Consider giving a gift to International Orthodox Christian Charities. Their mission: “IOCC, in the spirit of Christ’s love, offers emergency relief and development programs to those in need worldwide, without discrimination, and strengthens the capacity of the Orthodox Church to so respond.” They do a lot of wonderful work throughout the world like Palestine, Syria, Romania, Ethiopia, and more — including the United States.
A Tom Bihn Checkpoint Flyer. My Samsonite leather satchel fell apart on me over the summer, and I contemplated whether or not I could swing a Saddleback classic briefcase (my godson Lucas has one and it is a thing of beauty), but then Larry Anderson suggested I check out the options from Tom Bihn.
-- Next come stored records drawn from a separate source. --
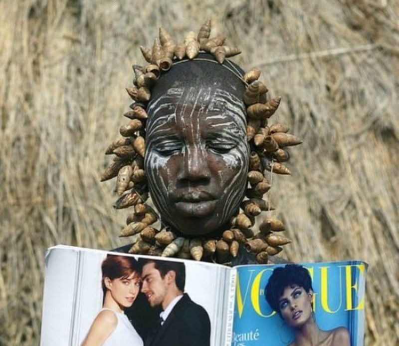 Женщина племени Мурси впервые смотрит журнал «Vogue», Эфиопия
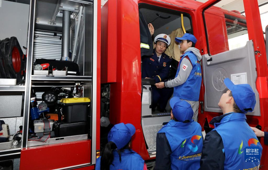 3月3日,“小小消防志愿者”服務(wù)隊隊員在消防員講解下了解消防車(chē)內的設備。
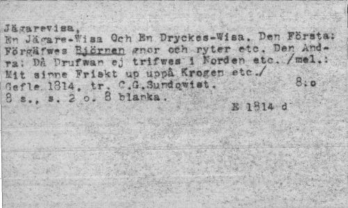 //// J&?arevjsa, //// Kn Jä^ar«-Wj sa Och Bm Dryckes«Wisa. Den Första;-Förpjifwe3 Sjffrw^p wor och ryter etc. Den Andra: Då Drufwan ej trifwes i Kprdsn etc, /»»!.: Kit sinne Friskt up ups>å Krogen etc./ Tefle. 1814. tr. C.G.Sundqvist. 8;o //// 8 s. 2 o. 8 blanka. //// ' E 1SU d //// ,"."¦' * ' ' ; ¦ - •. • "V "'••.,. -v- ¦ - ~ ' •¦•¦.¦ ¦: • ¦'' ¦-* //// ". - V " ' „.," :.-.. ' ' " r-.-v ¦¦ ¦'¦ V 1 •••-,*" -'v . ' - ////
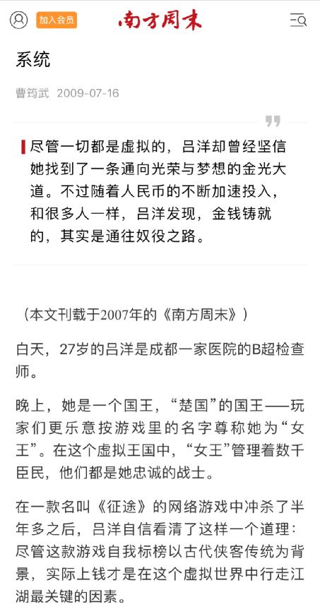 随着2006年《征途》上线将网游从时间付费转向道具付费,玩家群体迅速扩大,游戏体验则变得与以往大为不同。在道具付费模式下,游戏的公平性不再有保障,免费玩家只有被氪金付费玩家按在地上摩擦的份。2007年《南方周末》那一篇关于《征途》的特稿更是让“系统”这个概念第一次破出了圈。
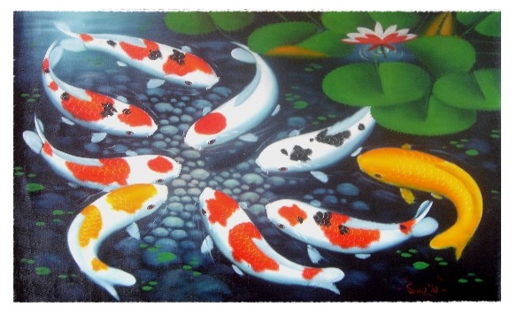 Очень хорошо будет смотреться картина в стиле гохуа, на которой изображено девять карпов. Гохуа является традиционной китайской техникой живописи, картина в этом стиле может только усилить действие талисмана. Эти картины очень часто используются в фен шуй, кроме того, они очень хорошо смотрятся и смогут украсить практически любой интерьер. Они выполняются цветной тушью или красками на бумаге или ткани. В них очень точно прорисовываются все детали, каждая из деталей имеет большое значение. Сегодня эта техника может иметь различные стили исполнения.
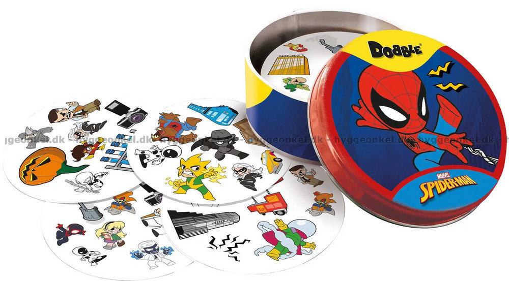 I denne utgaven av Dobble er motivene hentet fra Spider-Man-universet.
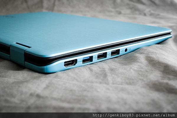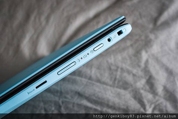 機身左側有豐富的連接埠,耳麥孔、兩個USB2.0、一個USB3.0更難得的是在這種小尺寸二合一機種上居然有全尺寸的HDMI!
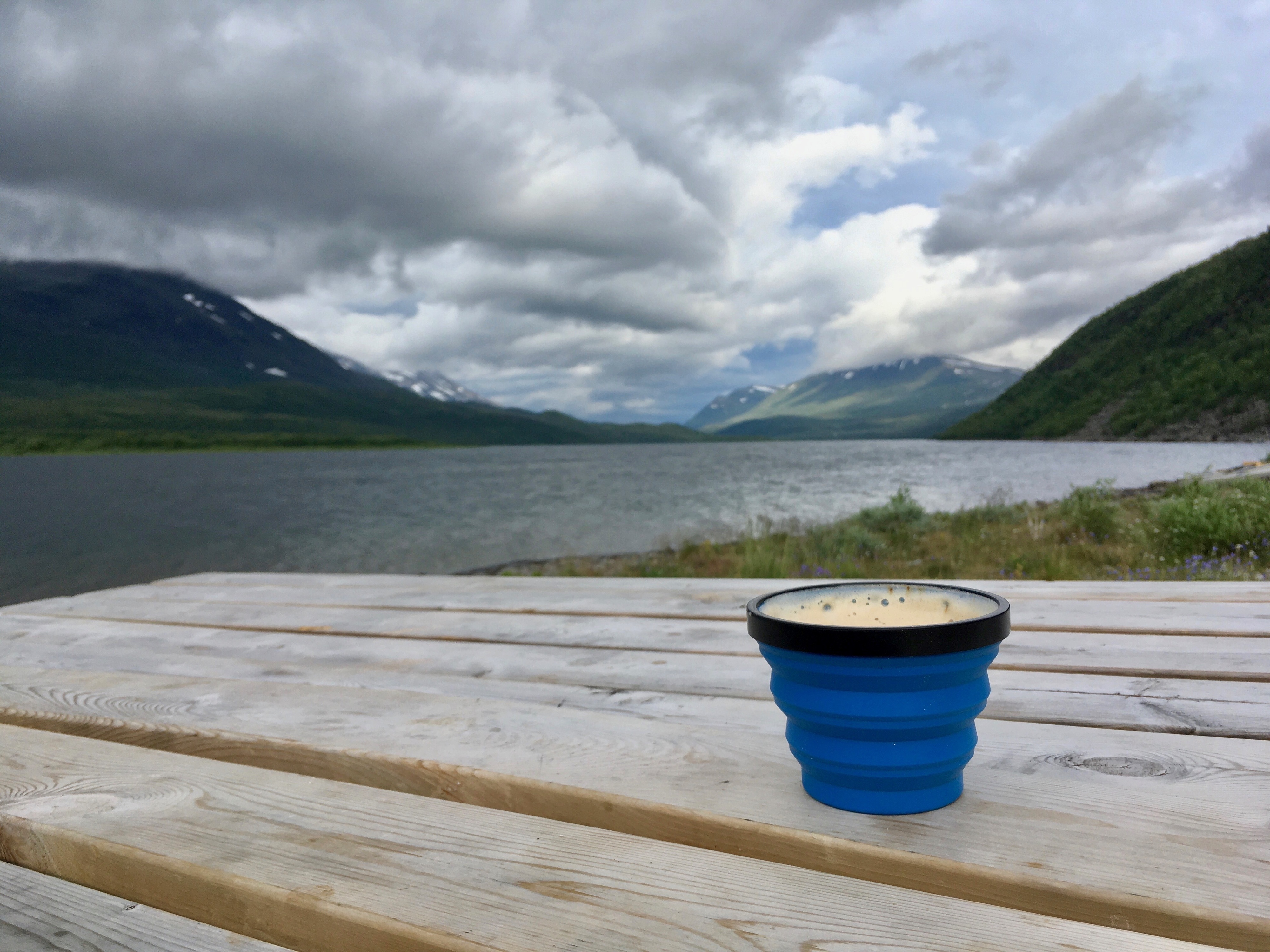 Der Weg führt von Saltoluokta steil nach oben und schnell gab es eine schöne Aussicht. Da ich mal wieder ohne Kaffee zu trinken aufgebrochen war, machten wir nach einer halben Stunde unsere erste Fika. Zur Überraschung aller packte Liam (der junge Engländer) einen Apfel aus und wir waren alle sehr neidisch auf dieses knackige, gesunde Frisch. Anscheinend hatte es Äpfel im Shop in Saltoluokta gegeben, aber niemand ausser Liam hatte sie entdeckt. Was hätte ich für einen Apfel gegeben!
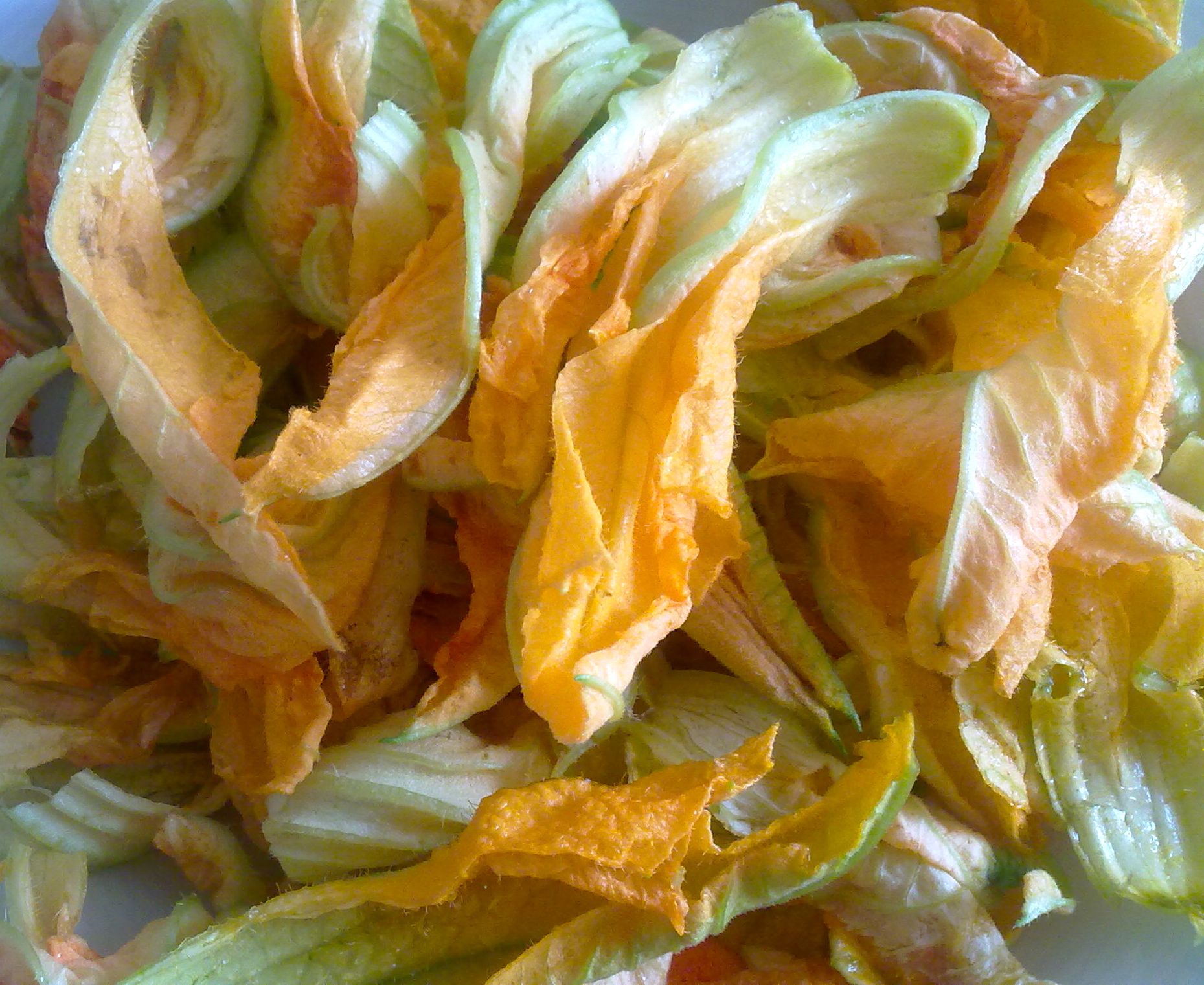 - Lavate i fiori di zucca, tagliateli a falde e teneteli da parte.

I got a great traveling laptop briefcase for about a third of what the Saddleback bag I was considering would have cost, it’s got a lifetime guarantee, and it’s been perfect for when I’ve needed to travel with my 15″ MacBook Pro. Of course, the day after the bag arrived I bought an iPad 2 (yeah, yeah, earlier than I said I would, but no regrets, let me tell you), so I have tended to need to transport the laptop less (short version: to the extent that laptops have become desktop replacements, iPads are laptop replacements), but it’s stil been exactly right for what I need. It’s very elegantly designed, and it’s very good at making sure there is a place for everything. The one caveat I might add is that while the bag is plenty sturdy, the stretchy shoulder strap may feel like it’s more stressed than it actually is if you overload it. Not an issue if you don’t, well, overload it, and the bounce the shoulder stap provides makes the bag a lot easier to carry once you get used to it (it basically seems to function as a shock absorber).
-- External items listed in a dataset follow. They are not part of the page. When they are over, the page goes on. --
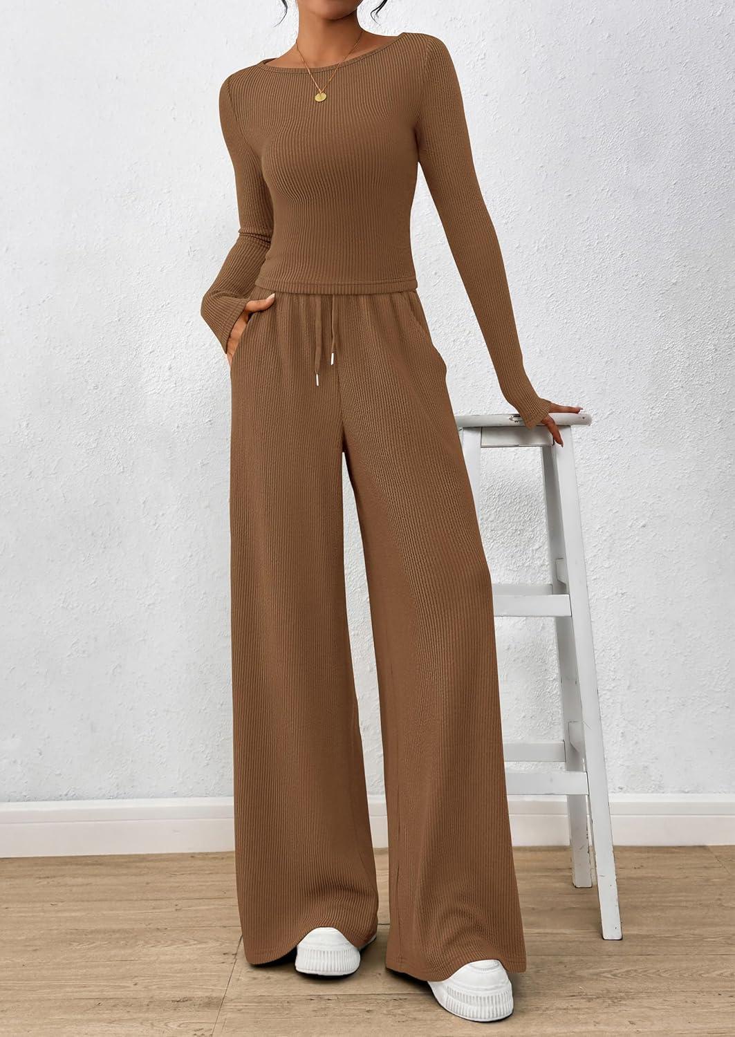 PRETTYGARDEN Matching Sets Women Clothing 2025 Fall Fashion Travel 2 Piece Lounge Sets Long Sleeve Crop Top Wide Leg Pants(Dark Khaki)
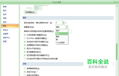 在弹出的“word选项”对话框中点击左边的“高级”,找到“显示”标签,在“度量单位”下拉菜单中找到“厘米”
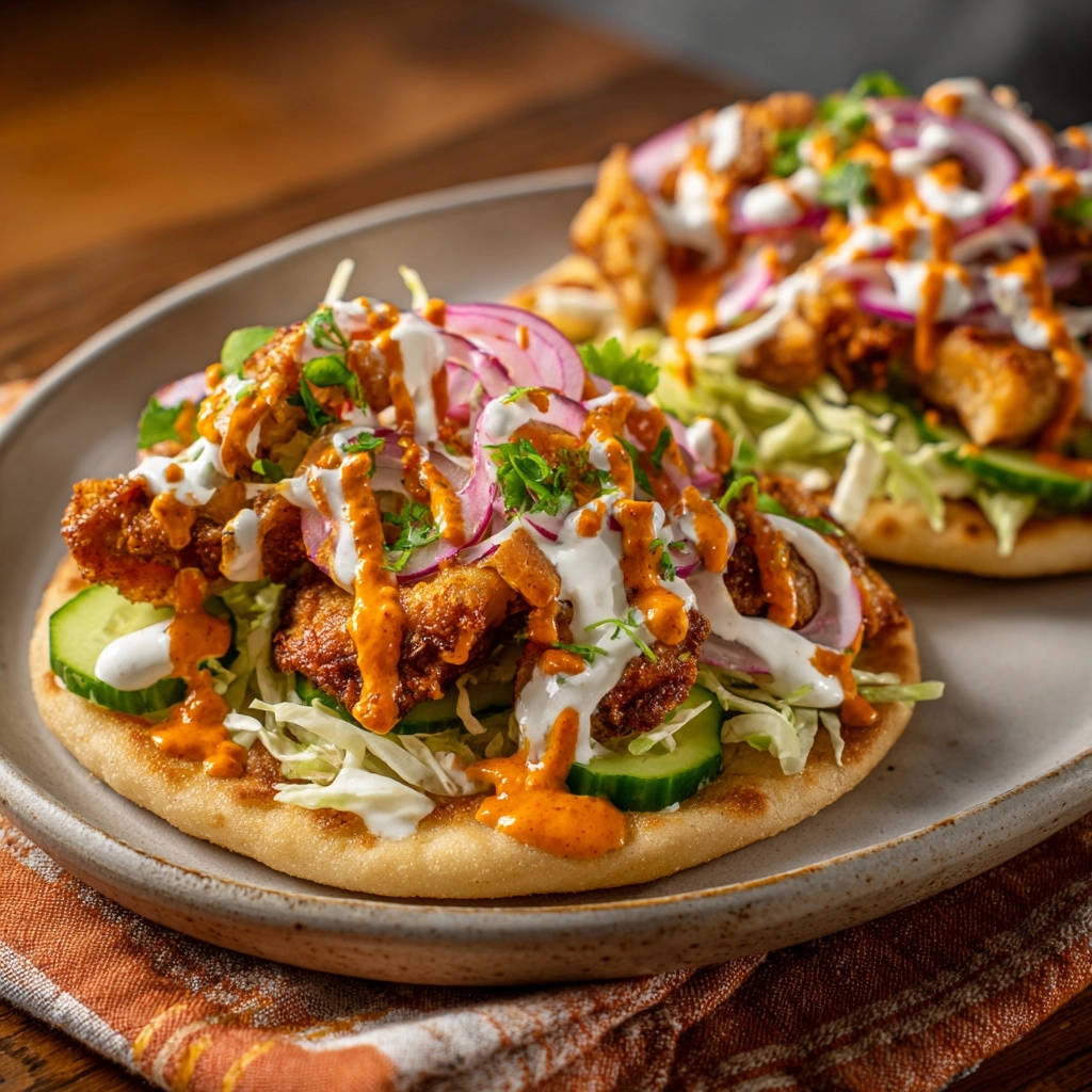 Was wäre ein knuspriger Hähnchen-Fladen ohne seine frischen Begleiter? Fein geschnittener Eisbergsalat oder Weißkohl, knackige Gurkenscheiben und hauchdünne rote Zwiebelringe bilden die ideale Textur- und Geschmackskulisse.

Cappella Romana’s new disc Mt. Sinai: Frontier of Byzantium. A full review of this is forthcoming, but for right now suffice it to say that it’s a beautifully-sung account of medieval Byzantine chant manuscripts from St. Catherine’s Monastery in Sinai. Repertoire includes material for Vespers of the Feast of St. Catherine, as well as from the Service of the Three Youths in the Fiery Furnace, which used to be served on the Sunday before Nativity. Some of this has been recorded before by Lycourgos Angelopoulos and the Greek Byzantine Choir for a disc called “Byzantine Hymns” (and one can find the audio on YouTube but I can’t find out anything about the disc, so if anybody knows anything about it, please let me know), but Cappella Romana is a very different ensemble from GBC in a number of ways, and their rendering of the material is very much worth hearing. Like I said, full review coming, but this is a great stocking stuffer. For that matter, so is the reissue of the Epiphany disc under their own label. And, of course, their recording of Richard Toensing’s Kontakion on the Nativity of Christ is a must-have. One can also make a gift to Cappella Romana, either to their general operating fund or to support one of their several in-the-works recordings.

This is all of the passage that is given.